How to quote a diverse data.frame in R

135 views Asked by At

I have 2.000+ tables, some with hundreds of lines, that I'm downloading from a web service (of botanical names) and saving to disk for further inspection.

Since some text fields have carriage returns, I decided to quote everything. But some fields have " characters, others have ' characters, so these characters can't be used for quoting (I could try to escape them, but some are already escaped, and this would easily become a mess. I thought it would be easier to use a different quote character). I tried %, only to find that some fields also use this character. So I need something different.

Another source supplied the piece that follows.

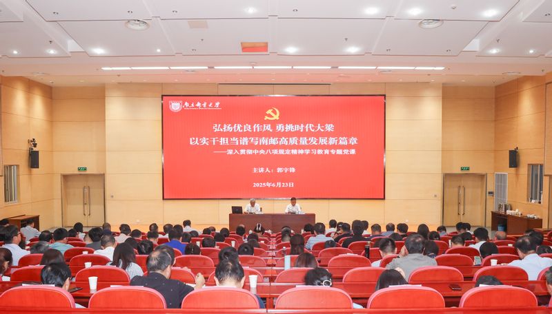 郭宇锋以《弘扬优良作风 勇挑时代大梁 以实干担当谱写南邮高质量发展新篇章》为题,从“全面认识党的作风建设的重要时代意义、深刻感悟贯彻中央八项规定精神的经验启示、持之以恒以作风建设新成效推动学校高质量发展”等三个方面,详尽讲述了中国共产党作风建设的历史进程与经验启示,回顾了当前学校开展深入贯彻中央八项规定精神学习教育的实践做法,深入剖析了学校内涵建设方面存在的短板不足,并结合“十五五”规划制定,系统谋划了今后学校事业发展的方向和思路。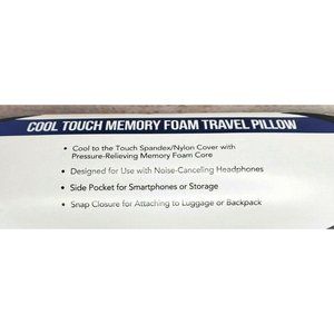 Experience ultimate comfort with our American Tourister Cool Touch Memory Foam Travel Pillow. This travel pillow features a convenient side pocket for smartphones or extra storage, along with a secure snap closure for easy attachment to luggage or backpacks. Specifically designed for use with noise-canceling headphones, it ensures a tranquil journey. Enjoy the cool-to-the-touch feel for a refreshing travel experience. Your perfect travel companion for comfort on the go!

I tried ¨ ☺ π and 人, but nothing seems to work! All of them appear correctly on screen (RKWard in Ubuntu 14.04), all are saved correctly with write.table, but NONE can be read with read.table or read.csv. I'm using UTF-8 as fileEncoding. I get the message "invalid multibyte string", even for ☺ (which is ASCII 1st character).

Sys.getlocale(category="LC_ALL")

gives

"LC_CTYPE=en_US.UTF-8;LC_NUMERIC=C;LC_TIME=pt_BR.UTF-8;LC_COLLATE=en_US.UTF-8;LC_MONETARY=pt_BR.UTF-8;LC_MESSAGES=en_US.UTF-8;LC_PAPER=pt_BR.UTF-8;LC_NAME=pt_BR.UTF-8;LC_ADDRESS=pt_BR.UTF-8;LC_TELEPHONE=pt_BR.UTF-8;LC_MEASUREMENT=pt_BR.UTF-8;LC_IDENTIFICATION=pt_BR.UTF-8"

I have tried changing the locale to chinese, to use the 人 (what shouldn't be needed, I guess, since it displays and saves correctly), but also didn't work. I get

OS reports request to set locale to "chinese" cannot be honored
OS reports request to set locale to "Chinese" cannot be honored
OS reports request to set locale to "zh_CN.utf-8" cannot be honored

Now the most strange: if the chinese characters are in the body of data, they're read without problem. It seems they just can't go as quotes!

Any ideas? Thanks in advance.

2

There are 2 answers

0
Molx On

I'm not sure this is the solution you're looking for, but if I understood correctly you have CR/LF characters in your text which are a problem to read the data as a table. If so, you can use readLines which automatically escapes \r, \n and \r\n and then read as a table. For example, consider the file crlf.txt:

col1 col2 col3 col4 col5
1 \n 3 \r 5 
a \r\n 3 2 2

You can use

> readLines("crlf.txt")
[1] "col1 col2 col3 col4 col5" "1 \\n 3 \\r 5 "          
[3] "a \\r\\n 3 2 2"

And then:

> read.table(text=readLines("crlf.txt"), header = T)
  col1   col2 col3 col4 col5
1    1    \\n    3  \\r    5
2    a \\r\\n    3    2    2

Obviously the line breaks are now escaped when printed, otherwise they would actually break the lines.

0
Nick Kennedy On

See ?scan (scan is used by read.table):

quote: the set of quoting characters as a single character string or ‘NULL’. In a multibyte locale the quoting characters must be ASCII (single-byte).

The easiest option would be to replace all your embedded new lines with another string prior to importing the file, and then reintroduce the new lines later using gsub.